Returns: simplicial complex of type SCSimplicialComplex upon success, fail otherwise.
Returns a list of indices { (i_1, j_1) , (i_1, j_1) , ... (i_n, j_n) } of all combinatorial 3-manifolds in the classification of combinatorial 3-manifolds with transitive cyclic symmetry of topological type type. Complexes can be obtained by calling SCCyclic3Mfld (6.8-3) using these indices. See [Spr14] for more about the classification of combinatorial 3-manifolds with transitive cyclic symmetry up to 22 vertices.
gap> SCCyclic3MfldListOfGivenType("Sigma(2,3,7)");
[ [ 19, 100 ], [ 19, 118 ], [ 19, 120 ], [ 19, 130 ] ]
The following functions compute basic properties of simplicial complexes of type SCSimplicialComplex. None of these functions alter the complex. All properties are returned as immutable objects (this ensures data consistency of the cached properties of a simplicial complex). Use ShallowCopy or the internal simpcomp function SCIntFunc.DeepCopy to get a mutable copy.

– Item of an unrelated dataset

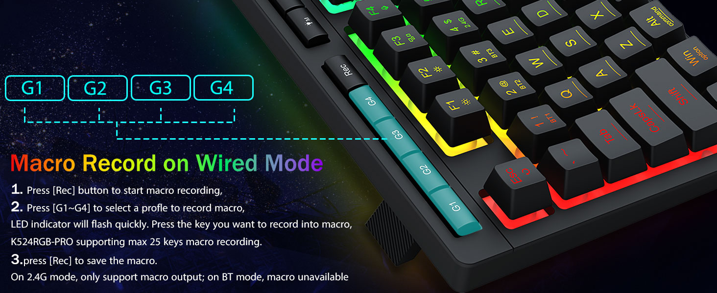 Tilpassbare makroer, uanstrengt kontroll- Programmer de 4 innebygde makrotastene (G1-G4) umiddelbart – ingen programvare kreves. Ta opp komplekse kombinasjoner for spill, snarveier for produktivitet eller mediekommandoer. Redefiner arbeidsflyten din på sekunder. Du kan også bruke programvare til å tilpasse funksjoner, lage makroer, justere RGB-lys og angi snarveier.

Note: every simplicial complex is internally stored with the standard vertex labeling from 1 to n and a maptable to restore the original vertex labeling. Thus, we have to relabel some of the complex properties (facets, face lattice, generators, etc...) whenever we want to return them to the user. As a consequence, some of the functions exist twice, one of them with the appendix "Ex". These functions return the standard labeling whereas the other ones relabel the result to the original labeling.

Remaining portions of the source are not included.